Nur an das sabbernde Loch von der Entzündung hatte ich nicht mehr gedacht. Für das habe ich nur ein Wundverband-Pflaster bekommen, für den Notfall.

Tag 19
Morgens ist natürlich der ganze Schlafanzug nass von der Spülflüssigkeit, die nach und nach rausgelaufen ist. Da wir keine Kompressen zum Abwischen haben hält das Pflaster auf der nassen Haut nicht.
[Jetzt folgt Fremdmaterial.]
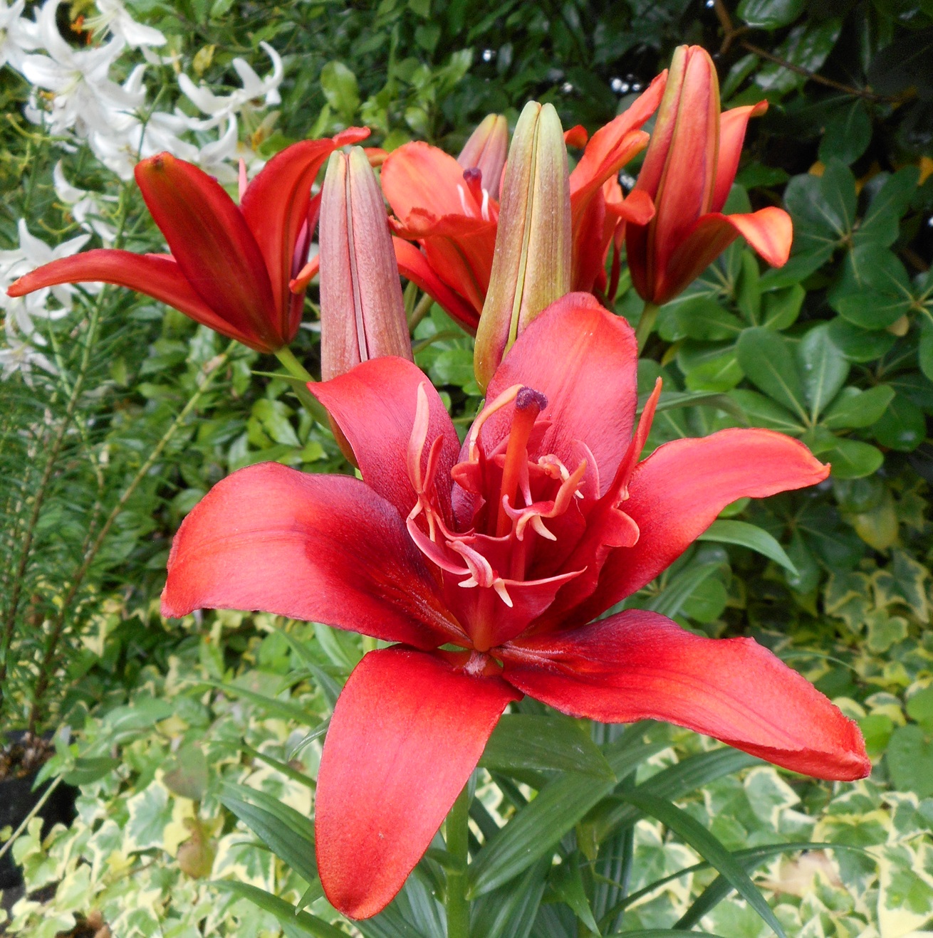「ユリ レッドツイン」は、鮮やかなオレンジレッドの八重咲きアジアテイックリリー。

Meine HA ist in noch Urlaub und die Vertretung mit der Wundversorgung überfordert.
Ob ich denn den Arzt im KH nochmal aufsuchen solle, fragte sie und ich sagte ihr, wenn alles gut ginge, sollte ich ihn nicht wiedersehen. „Aber es geht nicht alles gut!“, verzweifelte sie.
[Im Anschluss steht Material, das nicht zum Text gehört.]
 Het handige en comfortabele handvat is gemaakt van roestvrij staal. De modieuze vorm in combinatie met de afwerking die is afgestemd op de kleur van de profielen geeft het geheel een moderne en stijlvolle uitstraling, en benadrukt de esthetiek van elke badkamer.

Ich habe erklärt, wie Dr. Schwarz gespült hat (mit Spritze und Blasenkatheter-Schlauch), aber das könne man hier nicht, weil man solches Material nicht habe. Am liebsten solle ich wieder ins KH gehen.
Unglaublich.
Was mich am meisten geärgert hat: Obwohl ich erklärt habe, dass das Jelonet gewechselt werden muss, haben sie es nicht getan und nur die Pflaster ausgetauscht. Und ein Stück des selbstauflösenden Fadens hat sie trotz meines Protestes abgeschnitten mit dem selben Argument, aus dem das Papierpflaster abgerupft wurde (obwohl sie selbst keins hatten, um es zu erneuern): „Das sieht ja nicht schön aus!“

Immerhin habe ich noch ein Rezept für Kompressen und eins für den Verband für die ehemals eitrige Stelle bekommen können. Das hab ich auch flugs bei der Apotheke abgegeben und gehe es gleich abholen.
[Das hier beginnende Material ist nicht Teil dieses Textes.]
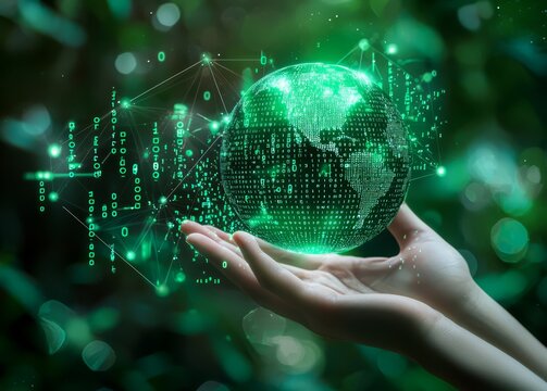 A digital illustration depicting a world map overlaid with binary code, showcasing a hand holding a glowing Earth sphere to symbolize the concept of global digital data transfer

Ein Anruf bei Frau Boehme brachte mir einen Termin für die morgige Sprechstunde ein; täglich müsse jetzt nicht mehr gespült werden.
Dann werde ich wohl die Nachsorge selbst übernehmen, solange ich nicht zum Spülen fahren muss.

Tag 20
Heute hat Dr. Schwarz festgestellt, dass das Loch schon so zu ist, dass man nur noch mit Gewalt was reinstecken könnte, um zu spülen. Deshalb hat er davon abgesehen. Es darf jetzt einfach ganz normal zuheilen und muss nicht künstlich offen gehalten werden.
Da die Brust auf der rechten Seite nen Touch röter und etwas wärmer ist, soll ich sicherheitshalber nochmal 5 Tage Antibiotika nehmen. 

Tag 21
Jetzt sind die ersten drei Wochen rum seit der Mastek.
Nach und nach habe ich mir schon einiges wieder erarbeitet, das ich selbst machen kann. Die leeren Pfandflaschen (Plastik) kann ich zB selbst wegbringen gehen, aber die neuen herschleppen darf ich noch nicht. Spazieren gehen ist drin, aber Schwimmen noch nicht. Kann anderthalb bis zwei Kilo je Seite tragen und mehr soll ich auch noch nicht.